= Elisabeth Larsson =

Swedish-American obstetrician and gynecologist

Elisabeth Larsson (5 November 1895 – 18 November 1997) was a Swedish-American obstetrician/gynecologist known for her work as a pioneering member of the Medical Women's International Association, her research on cervical cancer and the care of premature infants, and her mentorship of and advocacy for other women physicians.
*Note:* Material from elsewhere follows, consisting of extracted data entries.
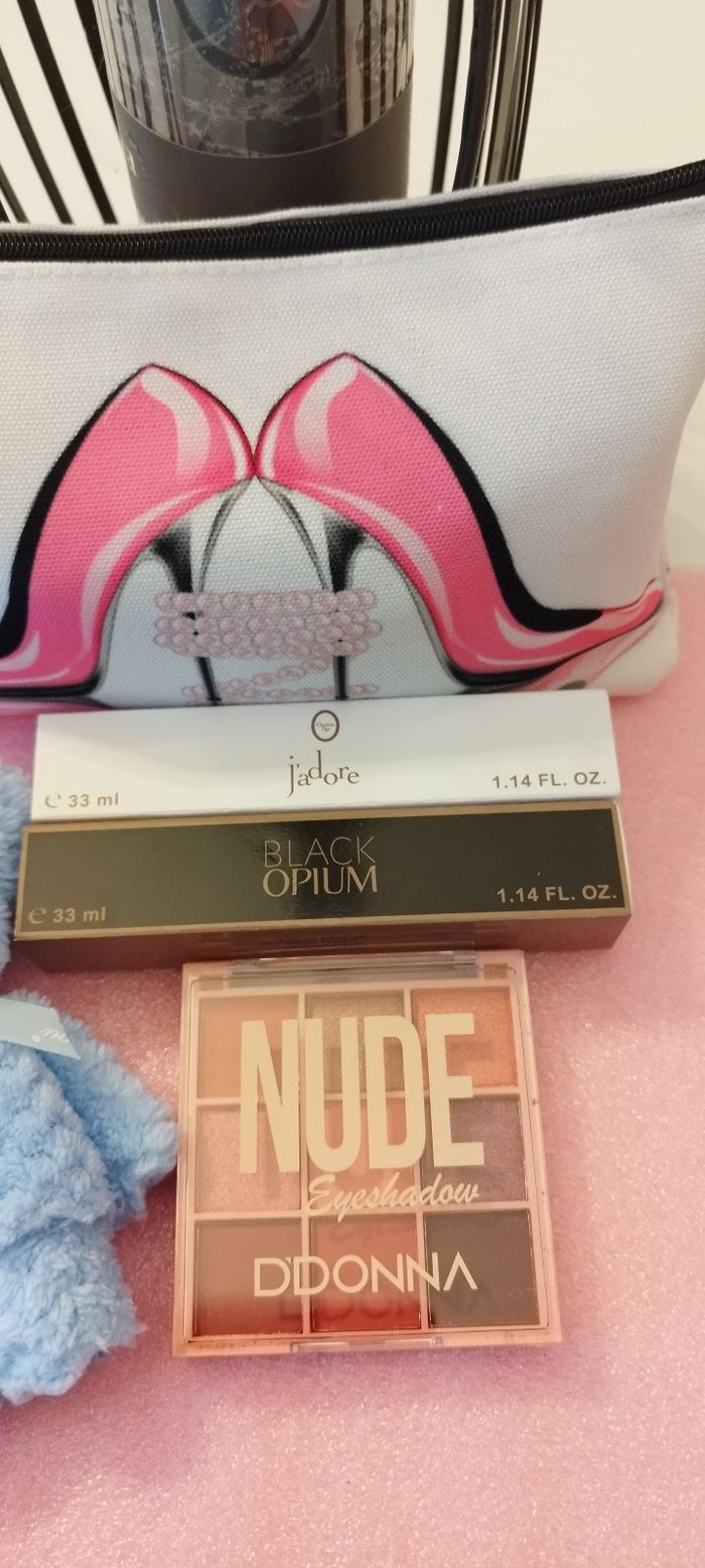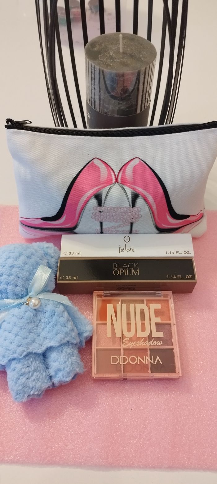 Trousse à maquillage garnie 2 parfums de poche 1 ourson serviette 1 palette fards à paupières
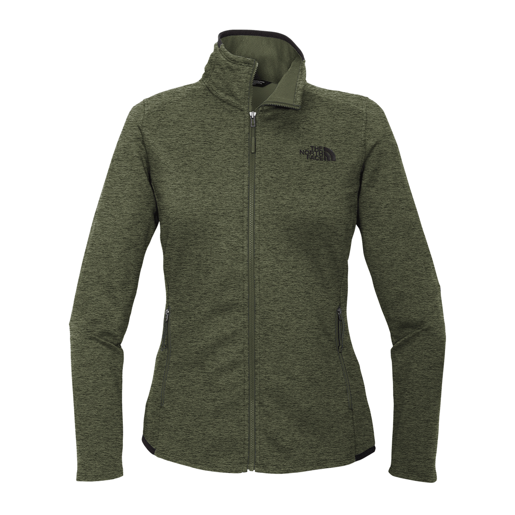 The North Face Women's Four Leaf Clover Heather Skyline Full-Zip Fleece Jacket with custom embroidery of your choice is a must have for all events. The technical stretch fleece is soft to the touch, but tough against the colder weather. Perfect for a daytime hike or a morning jog on the track, this well made jacket is a must have. Add a custom logo to use at team events as part of warm-up gear or as part of a company uniform when employees have to be outdoors on occasion. Add a company logo to the polyester, elastane jacket to offer as an end of the year gift for friends, family, and employees. The midweight fabric will help regulate body temperature with each wear.
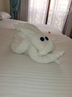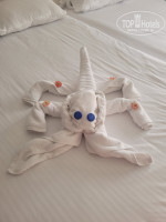 Двое взрослых с ребёнком 6 лет. Перелет из Екатеринбурга был вечерний, приезд поздний, так как рейс задержали на 2 часа. Что удивило и было неожиданным, что в самолете не было питания. Совсем! А это почти 7 часов перелет. И плюс ещё задержка рейса. Итого приехали ночью. Трансфер был групповом, поэтому заезжали по дороге в несколько отелей. Наш был последний. И вышло в нем всех больше туристов, хотя расстояние от аэропорта было дальше всех предыдущих отелей. Заселили сразу, но не очень быстро. Перекус не преддожили. Только сок. Номер дали в первом корпусе. 1234. Две смежные комнаты. Второй этаж с видом "на сад", а это на внешнюю дорогу между соседним отелем. Но вид не плохой, с балкончика видно море в боковом ракурсе. Зато тихо и спокойно. Уборка в номере каждый день и смена белья тоже. Каждый раз делали разные фигурки прикольные из полотенец. Очень радовали ребенка, да и нас). Благодарили горничных чаевымм. Лифтом не пользовались, так как этаж второй. Вай фай хороший только в номере и на рецепшин. В районе моря, в ресторане, у бара и аквапарка нету или очень слабый. Территория компактная, зато ухоженная. Питание вполне хорошее, были рыба, мясо, курица. Из фруктов арбузы, дыни, папайя, виноград, персики. Всё свежее и вкусное. Рестораны аля карт приятные. Всё красиво и вкусно. Аквапарк и бассейны тоже порадовали. Всё чисто, мест и шезлонгов хватает всегда. На пляже бунгало и лежаки в достаточном количестве. Анимация работает. Каждый день разная программа, шоу. Вечером подсветка красивая везде. В общем впечатления приятные! Всё на хорошем уровне. Всё прилично, чисто. Отель новый и современный.
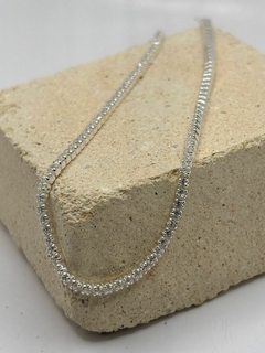 Este colar Riviera em prata 925 possui 40 cm de comprimento e 2 mm de largura, combinando delicadeza e sofisticação. Cravejado com zircônias que refletem a luz intensamente, é a escolha perfeita para quem busca um acessório clássico, versátil e cheio de charme para qualquer ocasião.
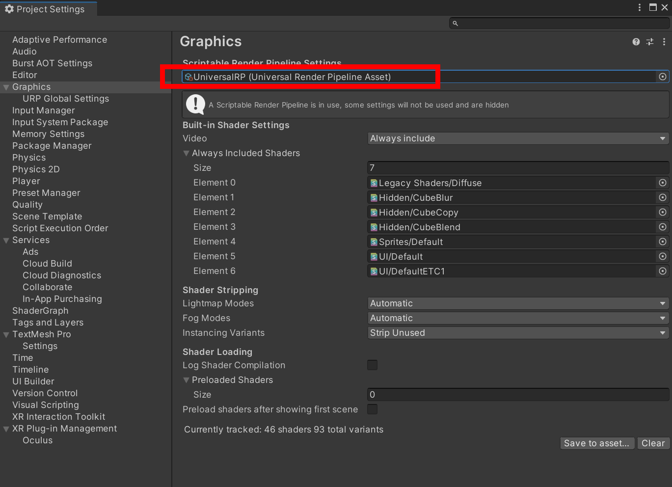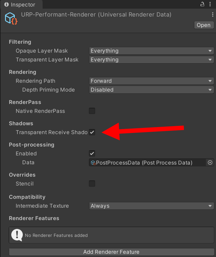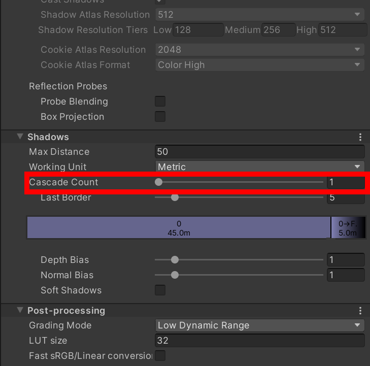 URP 에셋에서 transparent receive shadow에 체크하고 그림자의 cascade count 속성에 수치 1로설정합니다.
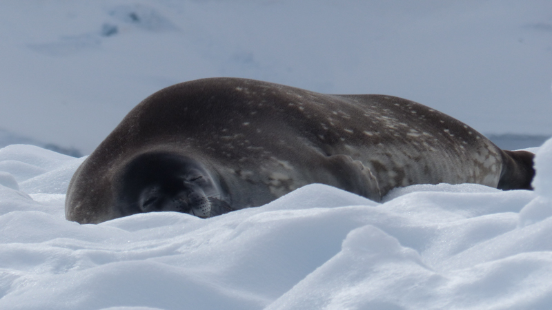 Nearby, a harmless Weddell Seal also sleeps of its lunch!
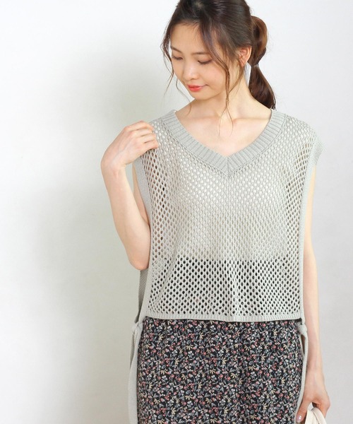 トレンドのメッシュ編みを使用したニットベスト。サイドのリボンがポイントになり、女性らしい印象にしてくれます。短めの丈感でバランスを取りやすいのも魅力的。シアーシャツやワンピ―スとのレイヤードスタイルにおすすめの1枚。合わせるアイテムによって印象が変わる万能アイテムです。Vネックデザインで顔周りをすっきりと見せてくれます。サイドリボンでウエストのサイズ調節ができるのも嬉しいポイントです。透け感のあるメッシュ素材。伸縮性があり快適な着心地です。- - - - - - - - - - - - - - - - - - - - - - - - - - - - - - - - - 透け感:あり裏地:なし伸縮性:あり光沢感:なし- - - - - - - - - - - - - - - - - - - - - - - - - - - - - - - - - ※ 撮影時の照明などの環境と、モニターに表示される色味がメーカーにより変わってしまう等の理由により、実際にお届けする商品と、ご覧になられているアイテムの色が若干異なる場合がございます。ご了承下さいませ。

== Early life and education ==
Larsson was born and raised in Grönviken, Bräcke community, Jämtland west of Sundsvall Municipality, Sweden, the fourth child and first girl raised on her parents' farm. She studied for her high school degree at the Adventist Academy in Jarnboas; she graduated in 1920 and immigrated to the United States. She earned her undergraduate degree at Broadville College in 1926. She studied at Loma Linda University School of Medicine, at the time called the College of Medical Evangelists, and received her M.D. in 1931.

== Career and research ==
Larsson was one of the first women to achieve a three-year residency in obstetrics and gynecology, which she served at the Los Angeles County General Hospital. After her residency, in 1935, she joined the faculty of Loma Linda and began practicing in private practice. She also earned board certification in surgery and obstetrics/gynecology. She left her professorship and became professor emerita in 1963, at the age of 68, though she practiced as a physician until the age of 75, at which point she estimated she had delivered 16,000 babies. She noted that at her final delivery, she had also delivered the mother, father, and anesthesiologist.

== Honors and legacy ==
Larsson was a fellow of the American College of Obstetricians and Gynecologists from 1952 to 1963, a fellow of the American College of Surgeons, an honorary fellow of the Swedish Medical Society in 1958, and a fellow of the Swedish Gynecological Society in 1965.